### Data to use ###

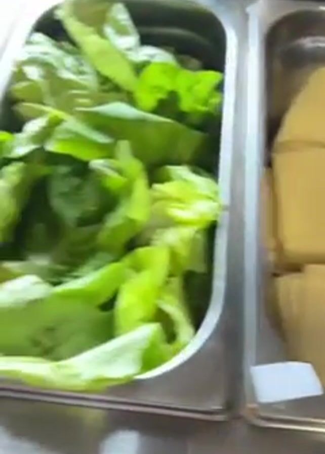 variety of ingredients, likely for making sandwiches or burgers. There are several stainless steel containers with different items: sliced cheese, lettuce, sliced red onions, sliced tomatoes, pickles, and a creamy orange sauce. The setup suggests a food preparation area in a restaurant or similar establishment.
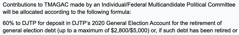 But in the fine print, you can see that 60% of donations will go toward paying off the campaign’s debts.
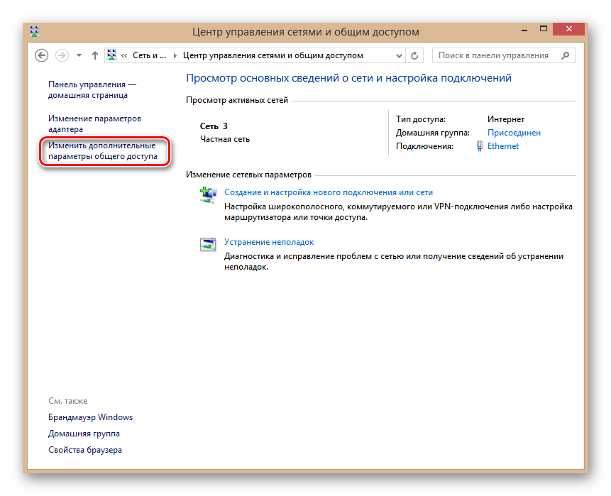 - Через закладку Выбор параметров общего доступа и домашней сети — включить или отключить на ПК ;
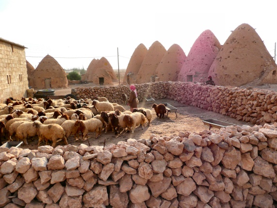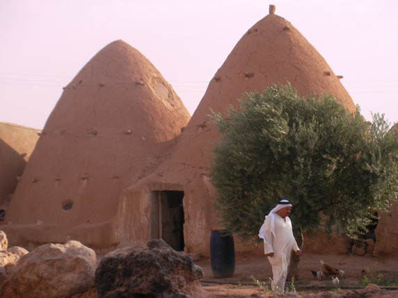 Casas Colmena conviven actualmente con modernas construcciones de cemento. Estas casas son estructuras cónicas de barro encalado, con una solo puerta de acceso y sin ventanas, en cuyo interior hay una sola habitación. Mas propias de África subsahariana que de esta parte del mundo, están estupendamente adaptadas al clima y mantienen una temperatura constante todo el año. Acabamos tomando el té con una de las familias que viven en ellas, 100 SL.
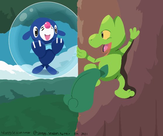 Treecompany. #pokemon #pokemonfanart #pkmnart #popplio #treecko
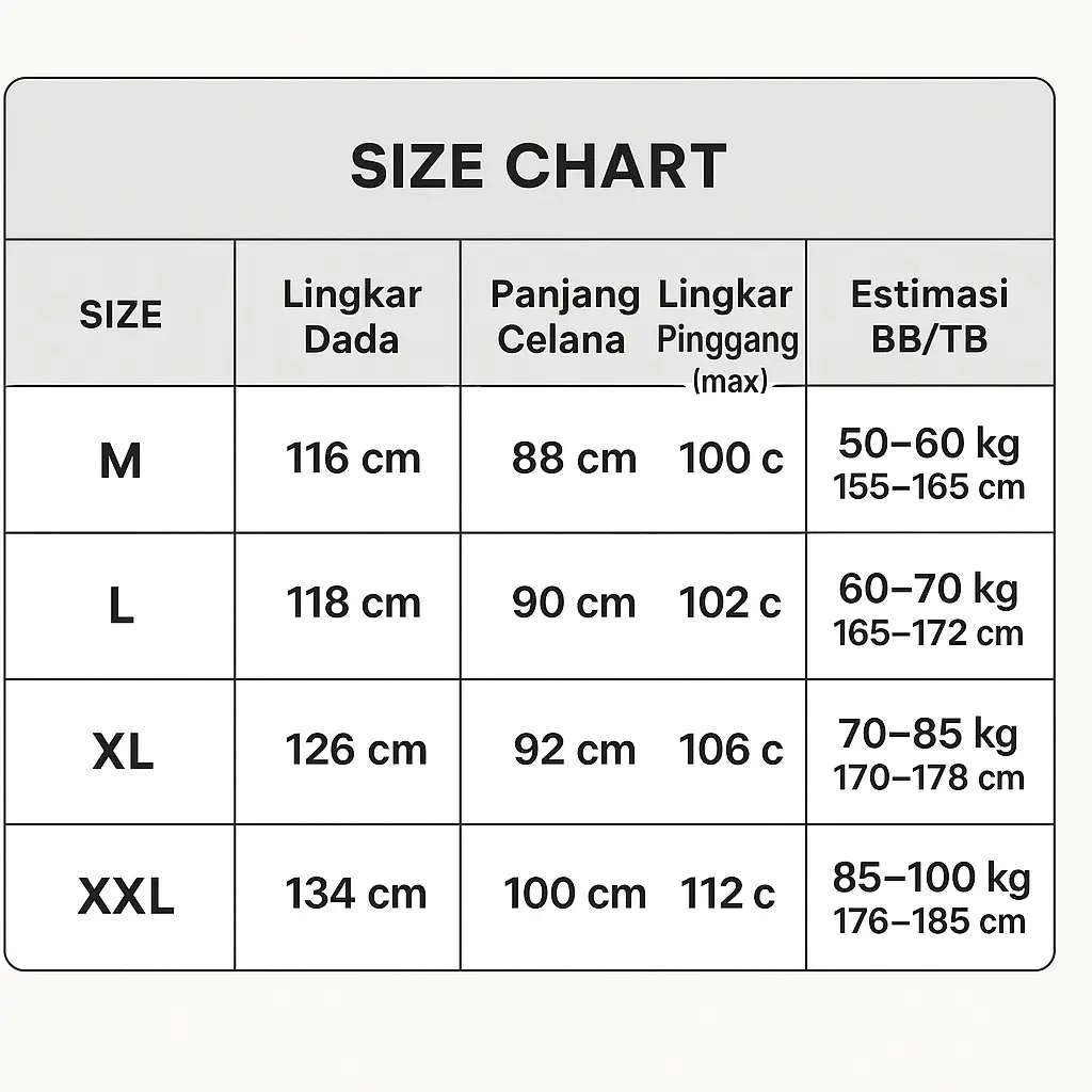 ·Estimasi BB/TB: 50–60 kg / 155–165 cm
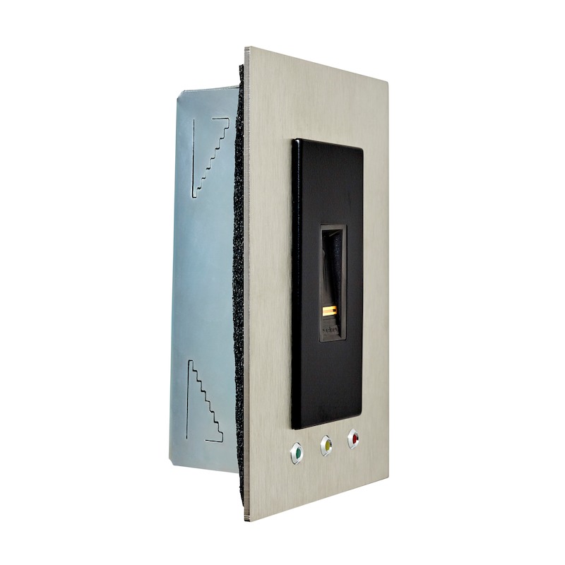 Der ekey home Fingerscanner integra Bluetooth mit dem schwarzem Dekorelement und dem Wandmontageset (mit Alarm-LEDs) aus Edelstahl ist ein biometrisches Sensorterminal zur Erfassung von Fingerprints mittels eines RF-Zeilensensors von Authentec. Bis zu 99 Finger sind speicherbar. Dieser Fingerscanner besitzt eine Bluetooth-Schnittstelle für die ekey home App. Die kostenlose ekey home App für iOS- und Android- Smartphones ermöglicht dem Nutzer, Gerät und Berechtigte vom Smartphone aus zu verwalten. Dieser ekey home Fingerscanner dient der Erkennung von berechtigten Personen und der daraus folgenden Öffnung von Haustüren, Wohnungstüren, Garagentoren usw. Der Fingerscanner ist für die Verwendung im Heim- und Gewerbebereich vorgesehen. Der ekey home Fingerscanner integra Bluetooth ist für die ortsfeste Montage an unbeweglichen Teilen wie Mauerwerk und für den Einsatz im ungeschützten Außenbereich vorgesehen. Für den Betrieb benötigen Sie zusätzlich eine passende Steuereinheit, ein passendes Dekorelement ein passendes Netzteil, die ekey home App und passendes Montagezubehör.
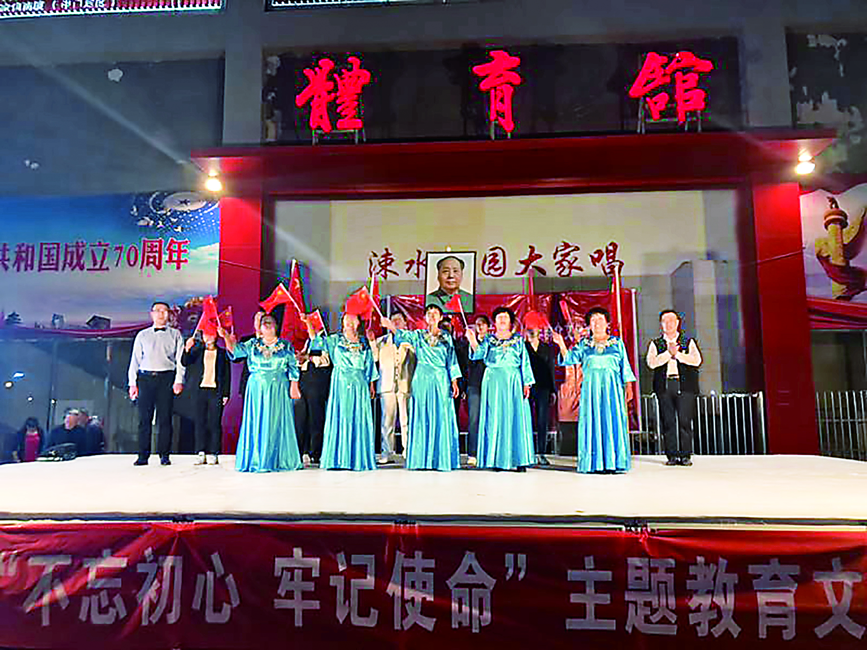 运城晚报讯 为了庆祝中华人民共和国成立70周年,深入开展“不忘初心、牢记使命”主题教育,进一步提升社区干部服务意识,增强守初心、担使命的责任感,9月27日晚,闻喜县东城社区在双喜广场举办了“迎国庆暨‘不忘初心、牢记使命’主题教育文艺演出”(下图)。
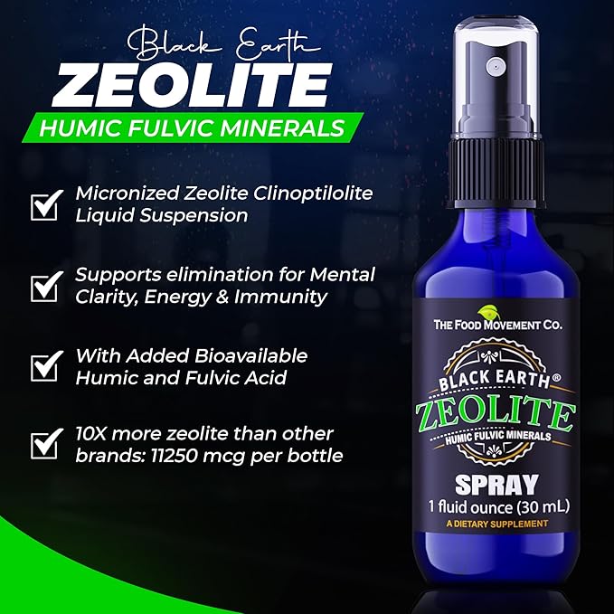 Black Earth Zeolite with Humic Fulvic Acids, Trace Minerals, for Adults and Kids Supports Gut Health, Immune Support, Digestion and Elimination and More 1oz Liquid Pump Spray Supplement
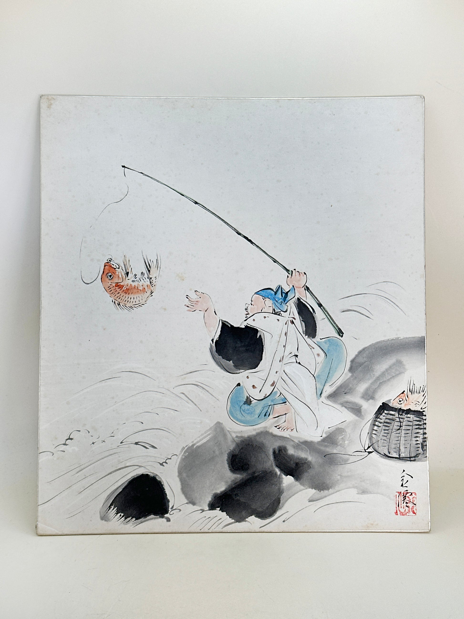This shikishi artwork presents a lively and auspicious depiction of Ebisu 恵比寿, one of Japan’s Seven Gods of Good Fortune, rendered with warmth and motion in ink and light color washes. The scene captures Ebisu mid-action, standing barefoot on rugged rocks by the water’s edge, joyfully casting his fishing rod. A freshly caught sea bream (tai) leaps from the water, its bright orange-red tones standing out against the soft greys of the waves and rocks.
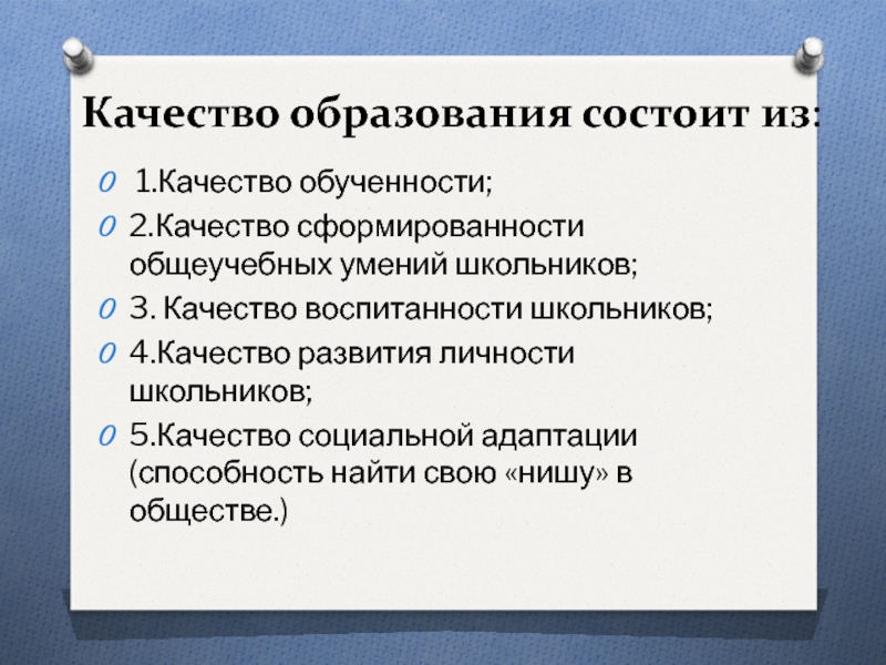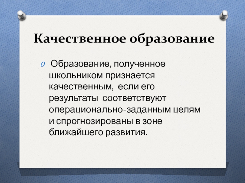 Образование, полученное школьником признается качественным, если его результаты соответствуют
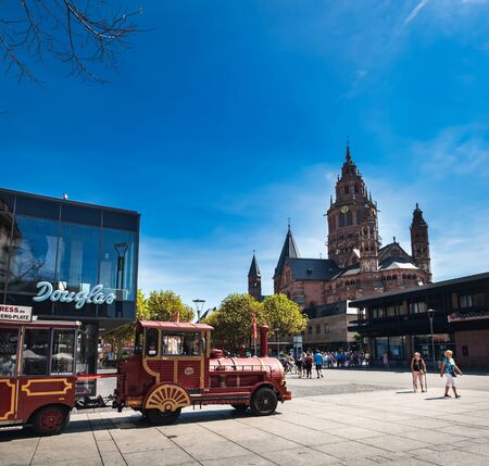Mainz, Germany - August 12, 2018: Tourist train in Old Town of Mainz with Mainz Cathedral in the background, day view scene with walking people
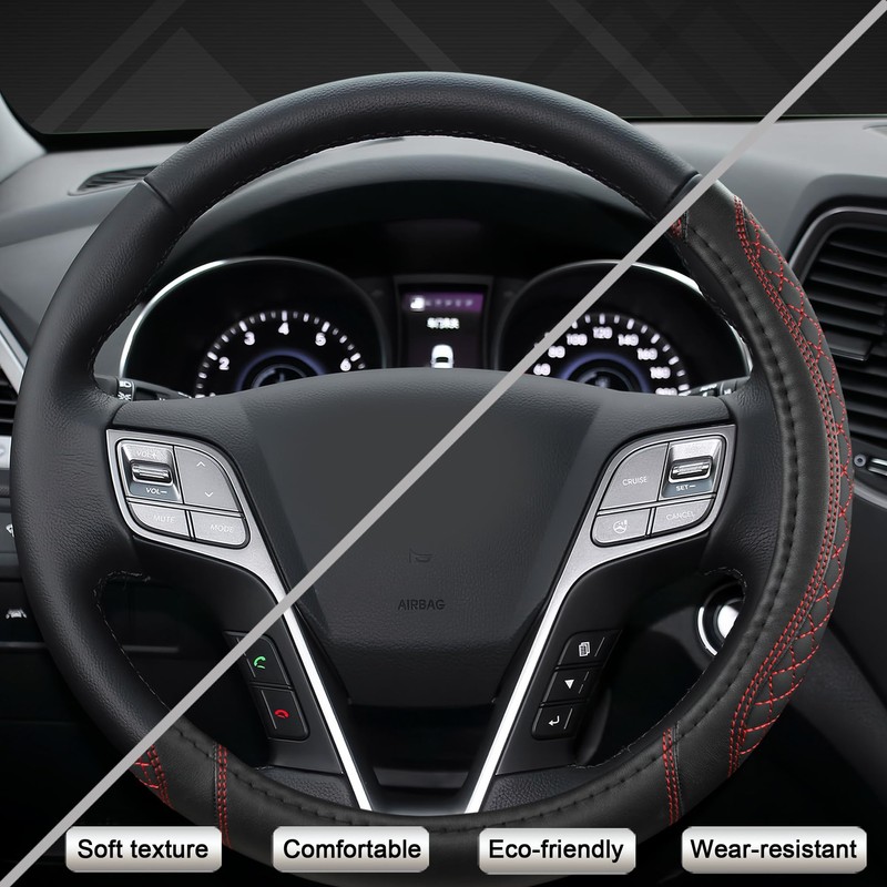 - 【HIGH-QUALITY MATERIAL】 This steering wheel cover is made of high-quality leather, which is soft texture, comfortable, eco-friendly, wear-resistant, and durable.
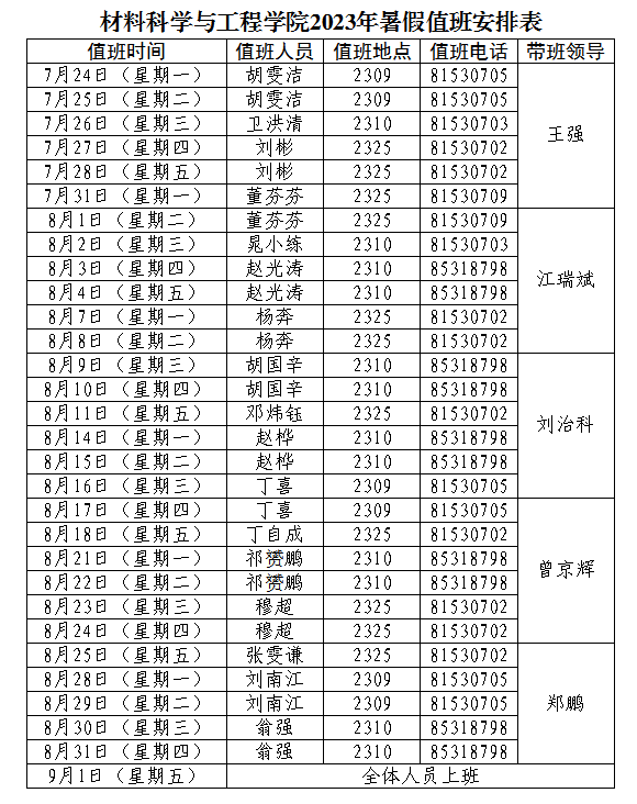 (二)行政、学工和实验系列人员在保障各项工作正常运转情况下,自7月22日(星期六)起安排轮休,9月1日(星期五)正式上班。
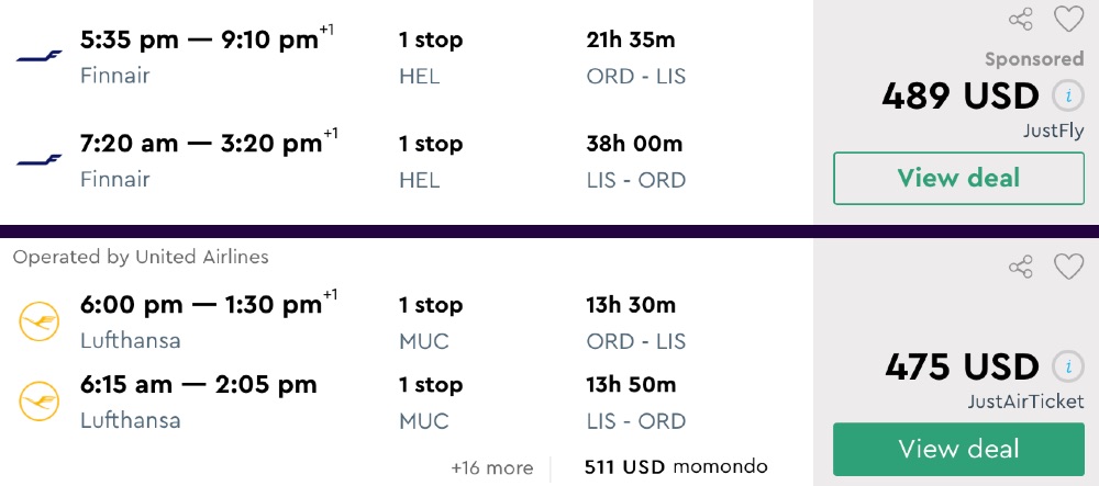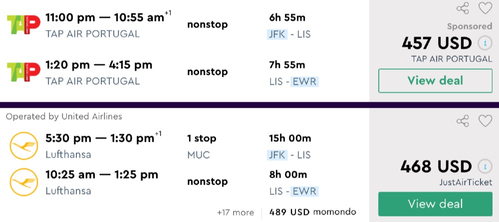 Amazing deal: New York or Chicago to Lisbon (Portugal) flight round-trip as low as $457.

###

**Description of the task**
In the copy, include exactly the lines from the one containing "- 【HIGH-QUALITY MATERIAL】" through the last line of the records, and no pictures or other text.

**Answer to the exercise**
 - 【HIGH-QUALITY MATERIAL】 This steering wheel cover is made of high-quality leather, which is soft texture, comfortable, eco-friendly, wear-resistant, and durable.
 (二)行政、学工和实验系列人员在保障各项工作正常运转情况下,自7月22日(星期六)起安排轮休,9月1日(星期五)正式上班。
 Amazing deal: New York or Chicago to Lisbon (Portugal) flight round-trip as low as $457.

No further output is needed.